§ **Exercise goal**: Each record below is to be copied word for word, with pictures removed.

┌─ Records to use

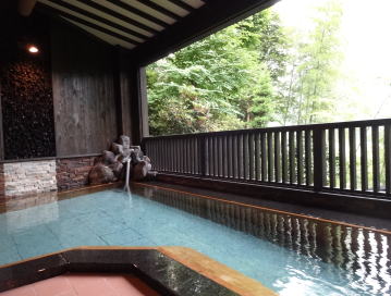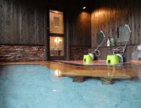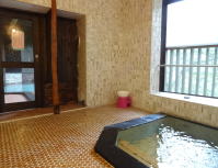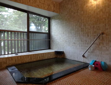 | 内湯は沓掛温泉1号泉(アルカリ性単純温泉。泉温34.7℃pH9.2)を加温してかけ流しています。もちろんいいお湯ですが、どうしても露天風呂にばかり入ってしまいます。 |
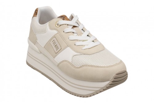 ALVIERO MARTINI DONNA SNEAKER 2442/1597/Y615 BEIGE/WHT/BEIGE . Sneaker realizzata in eco pelle liscia beige con inserti in tessuto. Logo lettering laterale. Spoiler geo beige. Linguetta a contrasto geo beige. Fondo platform in gomma.
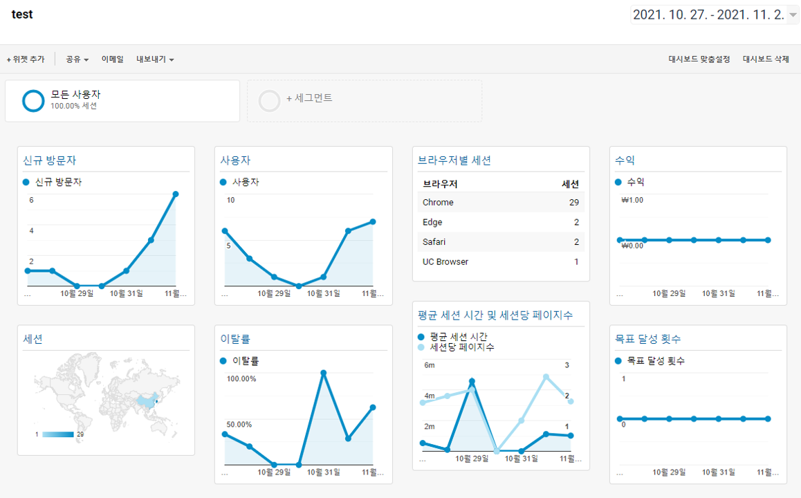 구글애널리틱스 대시보드는 여러 보고서를 빠르게 모니터링 할 수 있도록 개요 위젯을 모아 놓은 페이지입니다.
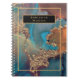 Caderno Espiral Diário de Monograma de Tinta Azul Moderna Dourada
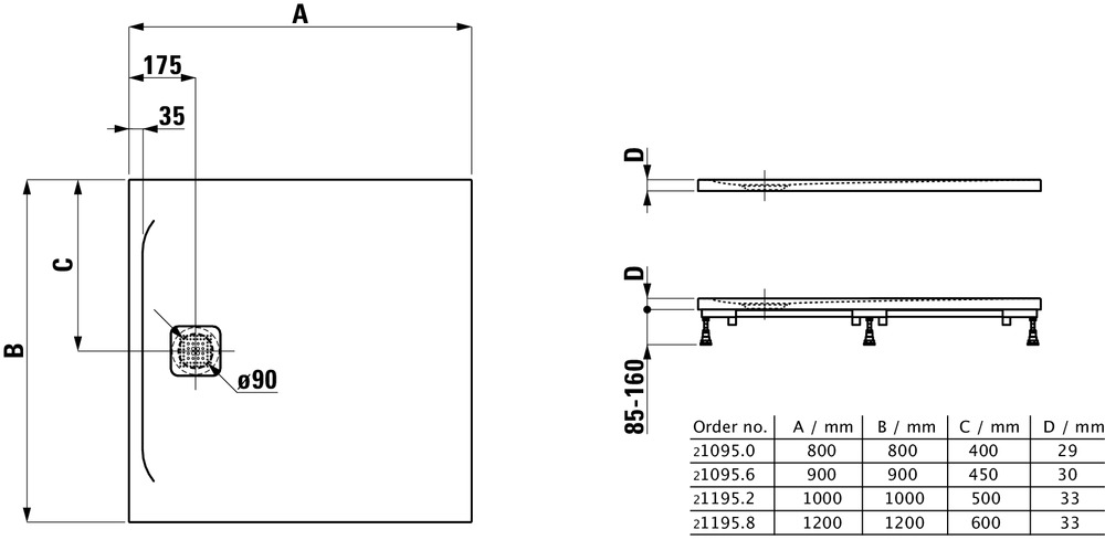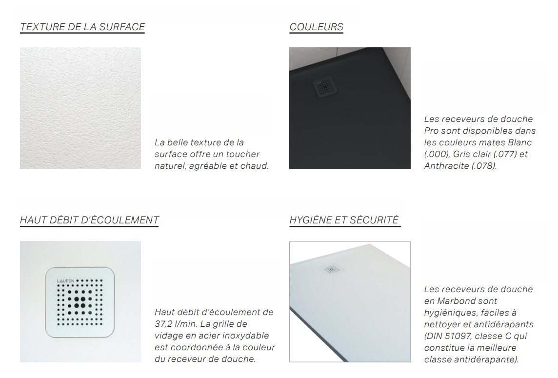 Laufen Pro Receveur de douche en gel coat Marbond extra-plat carré, évacuation sur le côté 100x100, Gris mat H2119520780001
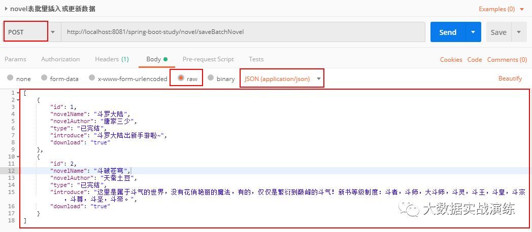 批量向表中插入两条数据,这里的 saveBatchNovel()方法已经封装了 JPA的 saveAll() 方法。body 里面的 json 语句的 key 值要与后端实体类的属性一一对应。
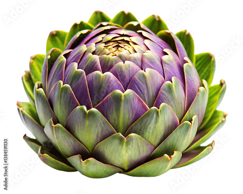Obraz premium Fresh green artichoke isolated on clean white background, top view botanical...
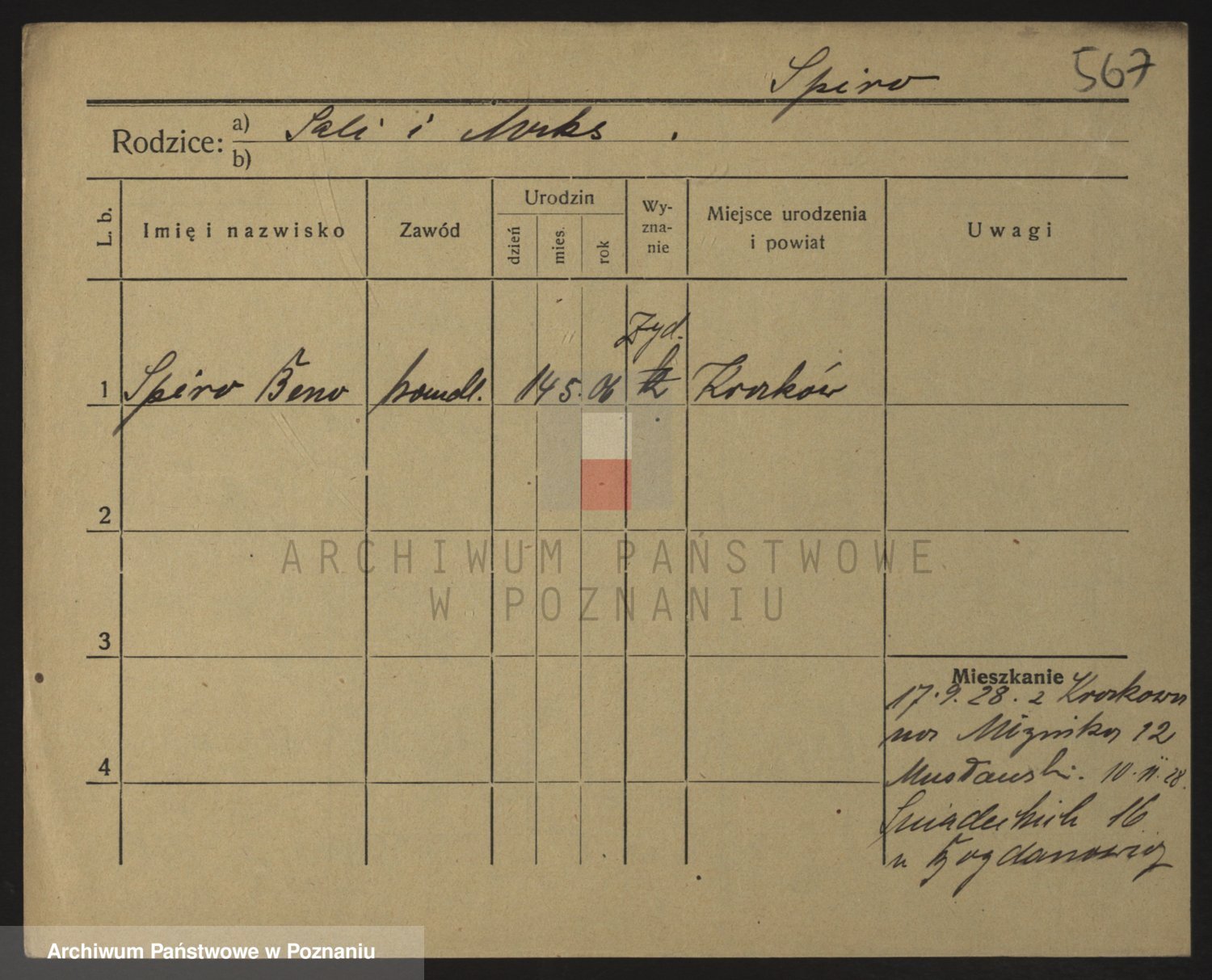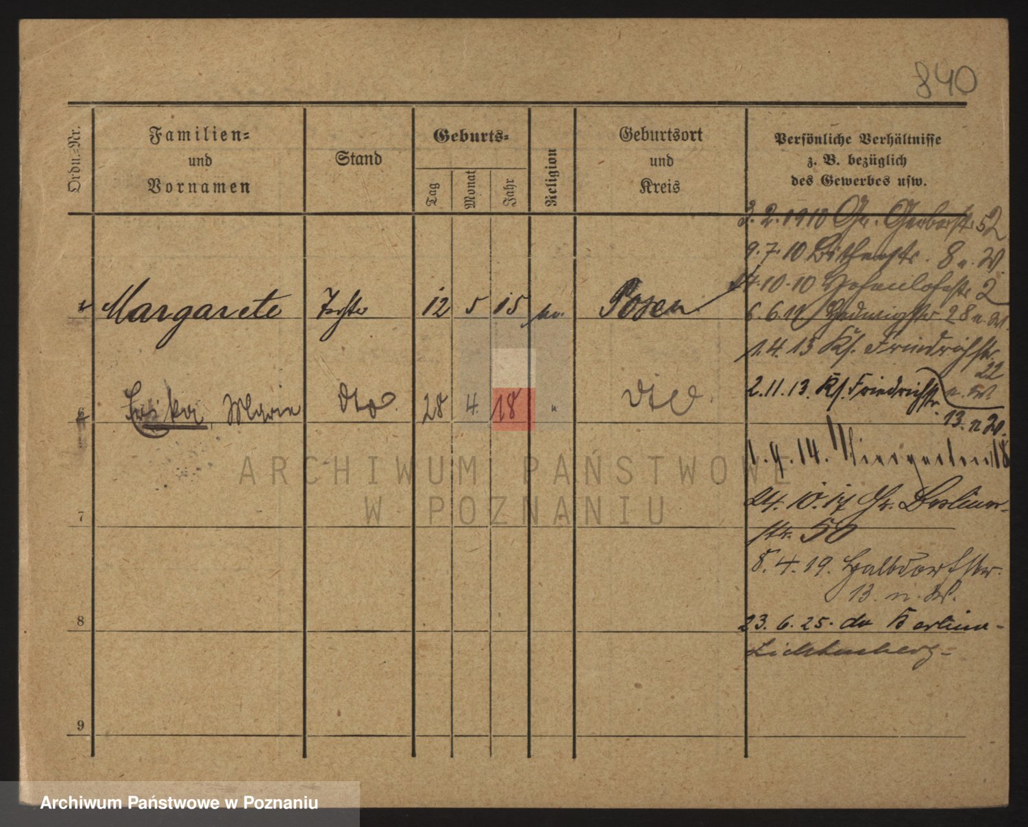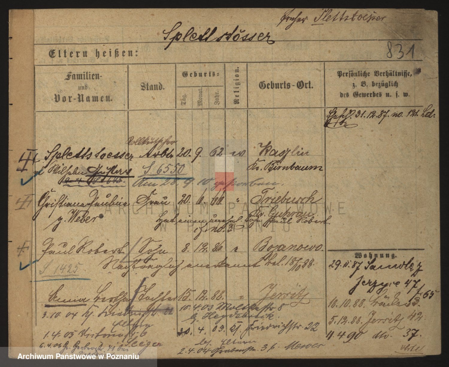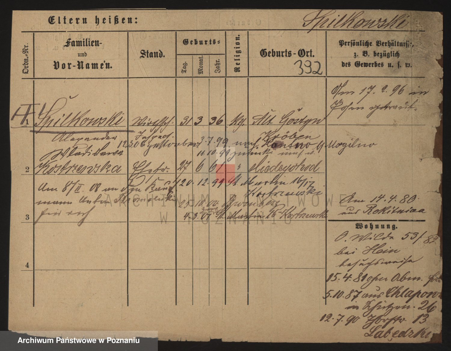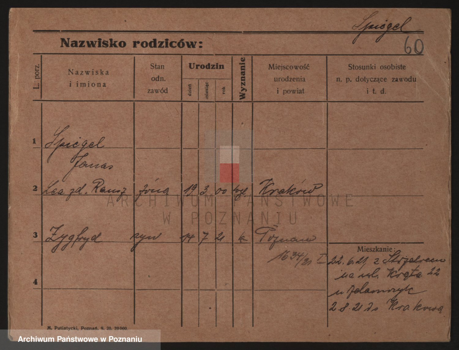 Podgląd karty osobowej dostępny jest po kliknięciu na nazwisko lub ikonkę karty. Można dokonywać powiększenia (ikony na górze) lub przechodzić między kolejnymi skanami (strzałki po bokach).

└─

§ **Answer box**:
 | 内湯は沓掛温泉1号泉(アルカリ性単純温泉。泉温34.7℃pH9.2)を加温してかけ流しています。もちろんいいお湯ですが、どうしても露天風呂にばかり入ってしまいます。 |
 ALVIERO MARTINI DONNA SNEAKER 2442/1597/Y615 BEIGE/WHT/BEIGE . Sneaker realizzata in eco pelle liscia beige con inserti in tessuto. Logo lettering laterale. Spoiler geo beige. Linguetta a contrasto geo beige. Fondo platform in gomma.
 구글애널리틱스 대시보드는 여러 보고서를 빠르게 모니터링 할 수 있도록 개요 위젯을 모아 놓은 페이지입니다.
 Caderno Espiral Diário de Monograma de Tinta Azul Moderna Dourada
 Laufen Pro Receveur de douche en gel coat Marbond extra-plat carré, évacuation sur le côté 100x100, Gris mat H2119520780001
 批量向表中插入两条数据,这里的 saveBatchNovel()方法已经封装了 JPA的 saveAll() 方法。body 里面的 json 语句的 key 值要与后端实体类的属性一一对应。
Obraz premium Fresh green artichoke isolated on clean white background, top view botanical...
 Podgląd karty osobowej dostępny jest po kliknięciu na nazwisko lub ikonkę karty. Można dokonywać powiększenia (ikony na górze) lub przechodzić między kolejnymi skanami (strzałki po bokach).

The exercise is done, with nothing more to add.